Scotland’s first minister Alex Salmond and key Labour rival Jim Murphy both praised the turnout of 16- and 17-year-old voters. Photograph: AFP
Within hours of the polls closing in Scotland’s hard-fought referendum, both first minister Alex Salmond and a key Labour rival, Jim Murphy, expressed delight at the unprecedented involvement of 16 and 17-year-olds and called on Westminster to extend the UK-wide franchise to 1.5 million «excluded» teens before next year’s general election.

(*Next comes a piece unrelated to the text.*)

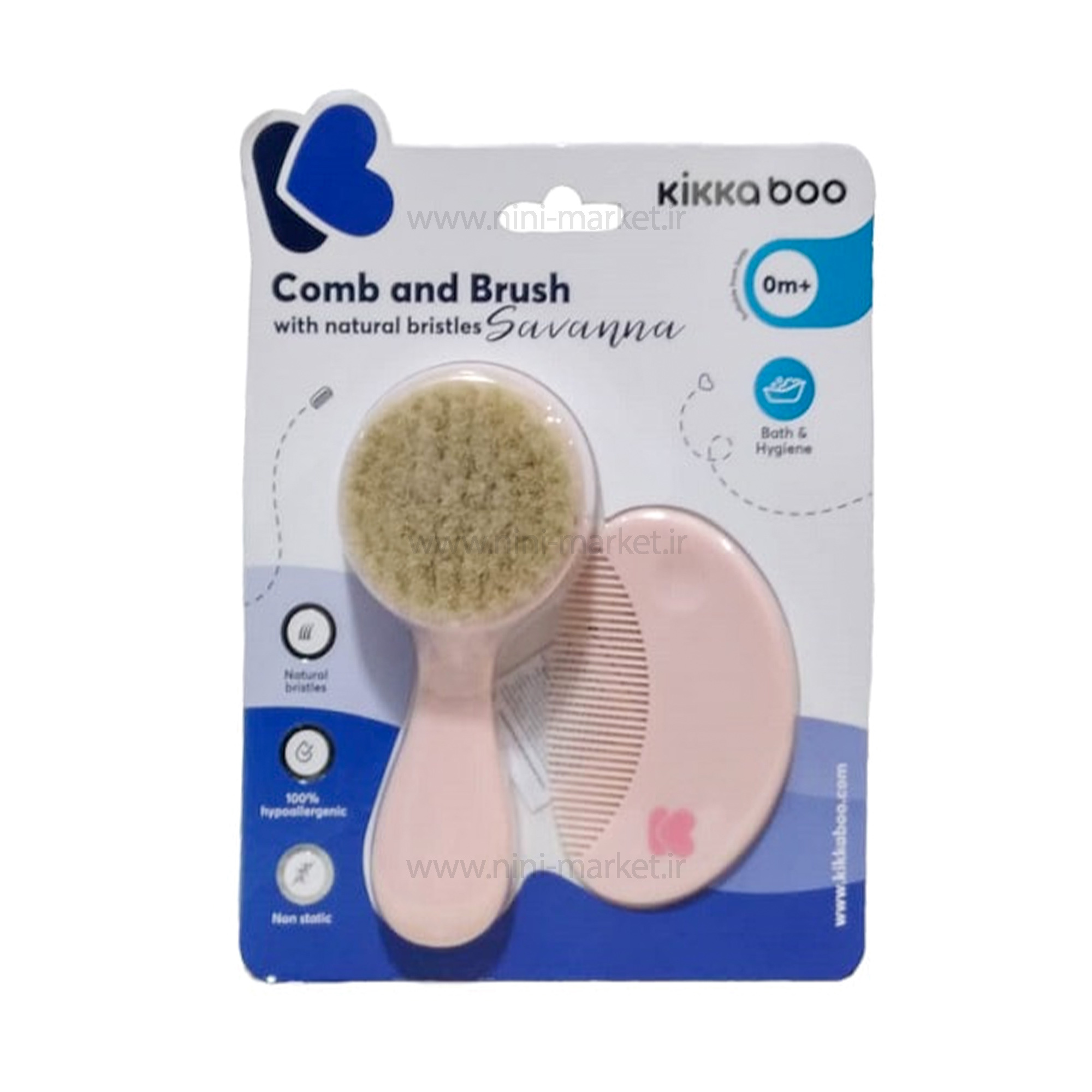 شانه و برس الیاف طبیعی رنگ صورتی کیکابو Kikkaboo

It will not be easy in such a short time, not least because the annual autumn revision of the electoral roll is already under way and politicians’ hands will be full dealing with the extensive promises made to devolve power. Critics protest that the move would only lower voter participation levels even further despite Thursday’s uniquely high 84.6% turnout in Scotland, because younger voters tend to be much less likely to turn out in general elections than older people.

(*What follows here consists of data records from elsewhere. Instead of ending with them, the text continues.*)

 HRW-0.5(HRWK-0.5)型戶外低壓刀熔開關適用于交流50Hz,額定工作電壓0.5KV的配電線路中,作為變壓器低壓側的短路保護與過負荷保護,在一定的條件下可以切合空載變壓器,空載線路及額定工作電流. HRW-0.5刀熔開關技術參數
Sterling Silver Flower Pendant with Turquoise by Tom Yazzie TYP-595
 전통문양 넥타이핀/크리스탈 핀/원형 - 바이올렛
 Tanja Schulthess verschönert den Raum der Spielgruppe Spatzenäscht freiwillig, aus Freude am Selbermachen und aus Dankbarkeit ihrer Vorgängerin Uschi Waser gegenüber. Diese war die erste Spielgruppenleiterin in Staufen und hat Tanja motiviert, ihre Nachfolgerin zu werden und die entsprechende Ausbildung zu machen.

In his concession speech in Edinburgh, Salmond spoke of his pride at seeing 16-year-olds demolishing routine allegations of immaturity and coupled the remark with meeting a 61-year-old woman voting on Thursday for the first time in her life. In most mature democracies low voter participation is linked to low social status – though the turnout among the 18-to-24-year-old age cohort has been causing concern too.
The voting age was lowered from 21 to 18 by Harold Wilson’s Labour government in 1970, but failed to deliver the predicted boost to Wilson, who lost unexpectedly to Conservative Ted Heath. Salmond has been similarly accused of vote-rigging for his Scottish National party advantage – prime minister David Cameron accepted his proposal to include 16 and 17-year-olds as part of the Edinburgh Agreement to hold the referendum, but he too has lost.
An Electoral Commission study in 2004 came down in favour of the status quo and backbench attempts to extend the franchise, supported by the Power Commission review (2006) and the Hansard Society among others, have all failed.
Under Ed Miliband’s leadership, Labour last year followed the Liberal Democrats who endorsed the longstanding «Votes at 16» campaign before the 2010 election. But the Conservatives have actively resisted it so far.
Austria became the first EU state to lower the voting age to 16 for most purposes – in 2007 – though Brazil did so in 1988 and some German provinces did it for municipal elections in the 1990s. US states seeking to do likewise have all been thwarted. Iran moved the other way – from 15 to 18 – in 2007. British crown dependencies such as Jersey and the Isle of Man lowered their voting age to 16 at the same time.
Until 1945 the age of full citizenship was usually 21 – with a few men and all women under 30 only getting the vote in Britain as late as 1929. New Zealand gave women the vote in 1893, the first country to do so, France only in 1944, Switzerland in 1971.